::: SUPPLIED RECORDS
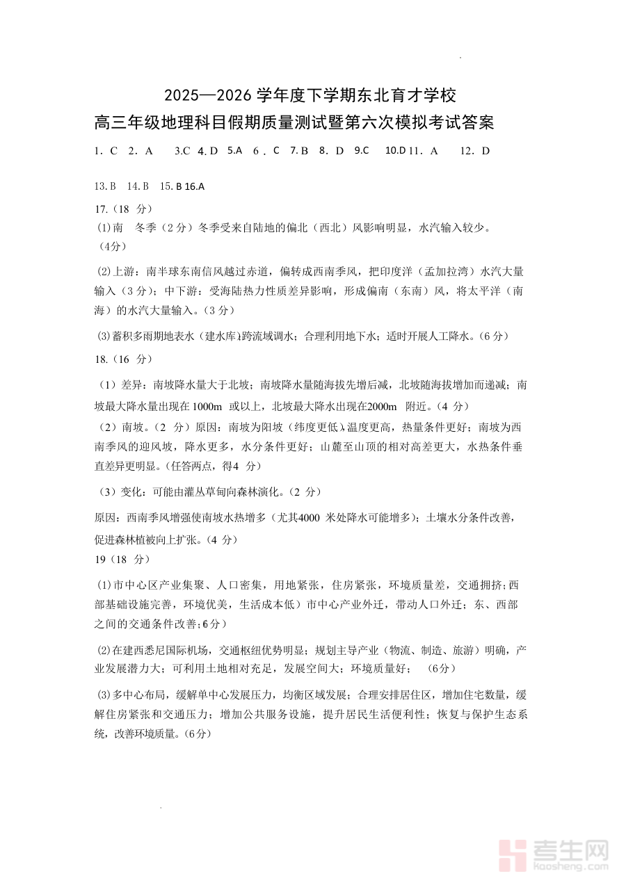 《东北育才学校2025-2026学年高三下学期第六次模拟考试 地理答案》是东北育才学校在2025-2026学年高三下学期组织的第六次模拟考试对应的地理学科答案资料。作为高三阶段关键的模拟考试配套材料,它与该次模拟考试的试题内容直接对应,是考生完成考试后核对答题结果、了解自身地理知识掌握情况的核心参考依据,能够帮助考生直观获取答题的正确方向和标准表述。
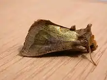 Diachrysia stenochrysis is a species of moth of the family Noctuidae. It is found in Europe, the Caucasus, the Far East, Primorye, Ussuri, Korea, Manchuria, Mongolia, Transbaikalia, Siberia and Japan.
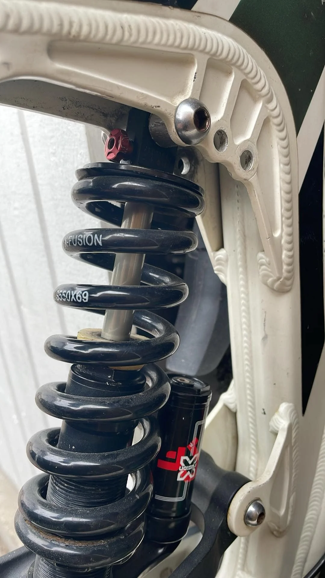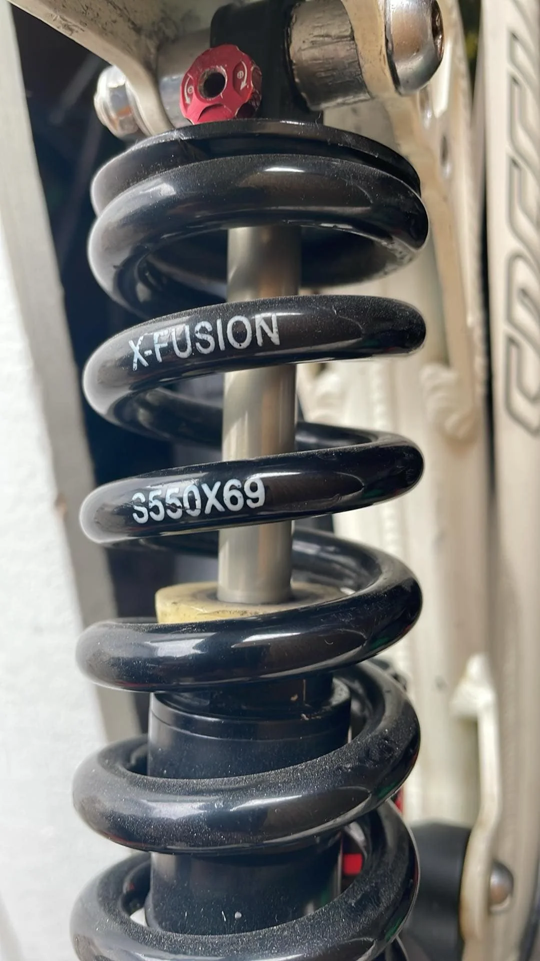 Bakdämparen är en X-fusion Vector och just nu sitter en 550 lbs coil på, men behöver en fjäder som är typ 300-350 lbs istället, som passar sonen på ca 50 kg.
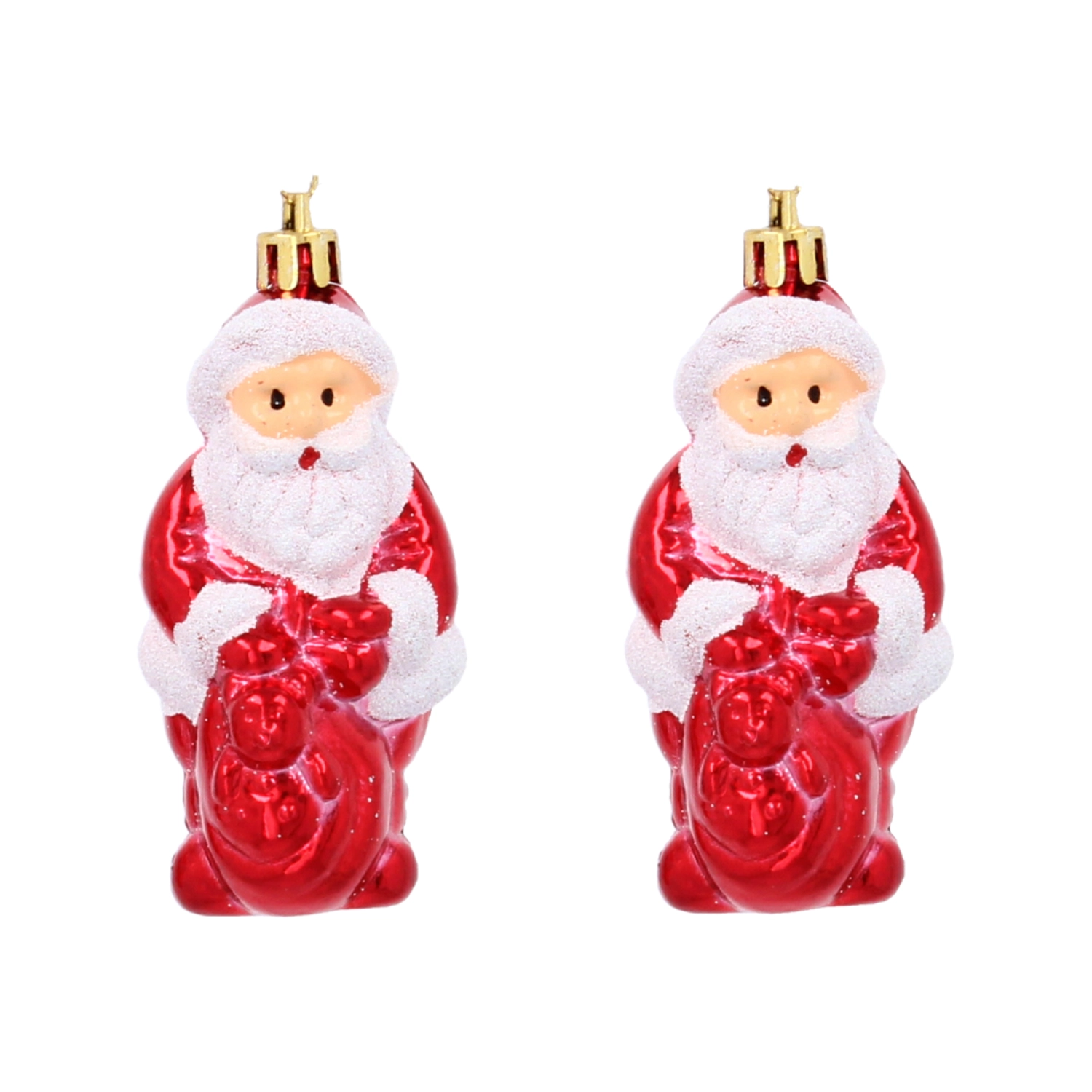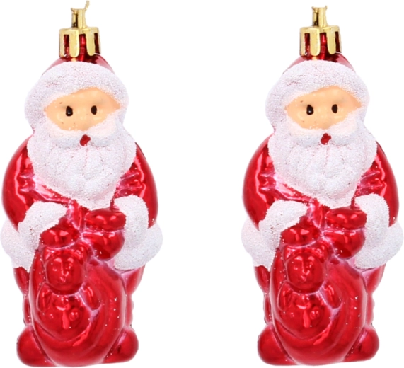 Wnieś do swojego domu magię Świąt dzięki eleganckiemu zestawowi dwóch ozdób przedstawiających Mikołaja z workiem. Te dekoracje z wysokiej jakości plastiku są bezpieczne, odporne na uszkodzenia i w klasycznym czerwono-białym wykończeniu pięknie dopełnią każdą świąteczną aranżację.
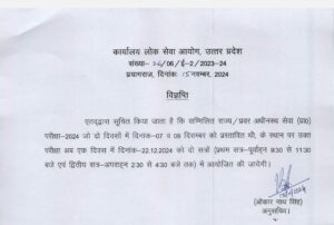 22 दिसंबर को होगी पीसीएस प्री. परीक्षा,एक ही दिन में दो पालियों में होगी परीक्षा
::::::
WORK REQUEST: With the images omitted, return the full material exactly.

SOLUTION:
 《东北育才学校2025-2026学年高三下学期第六次模拟考试 地理答案》是东北育才学校在2025-2026学年高三下学期组织的第六次模拟考试对应的地理学科答案资料。作为高三阶段关键的模拟考试配套材料,它与该次模拟考试的试题内容直接对应,是考生完成考试后核对答题结果、了解自身地理知识掌握情况的核心参考依据,能够帮助考生直观获取答题的正确方向和标准表述。
 Diachrysia stenochrysis is a species of moth of the family Noctuidae. It is found in Europe, the Caucasus, the Far East, Primorye, Ussuri, Korea, Manchuria, Mongolia, Transbaikalia, Siberia and Japan.
 Bakdämparen är en X-fusion Vector och just nu sitter en 550 lbs coil på, men behöver en fjäder som är typ 300-350 lbs istället, som passar sonen på ca 50 kg.
 Wnieś do swojego domu magię Świąt dzięki eleganckiemu zestawowi dwóch ozdób przedstawiających Mikołaja z workiem. Te dekoracje z wysokiej jakości plastiku są bezpieczne, odporne na uszkodzenia i w klasycznym czerwono-białym wykończeniu pięknie dopełnią każdą świąteczną aranżację.
 22 दिसंबर को होगी पीसीएस प्री. परीक्षा,एक ही दिन में दो पालियों में होगी परीक्षा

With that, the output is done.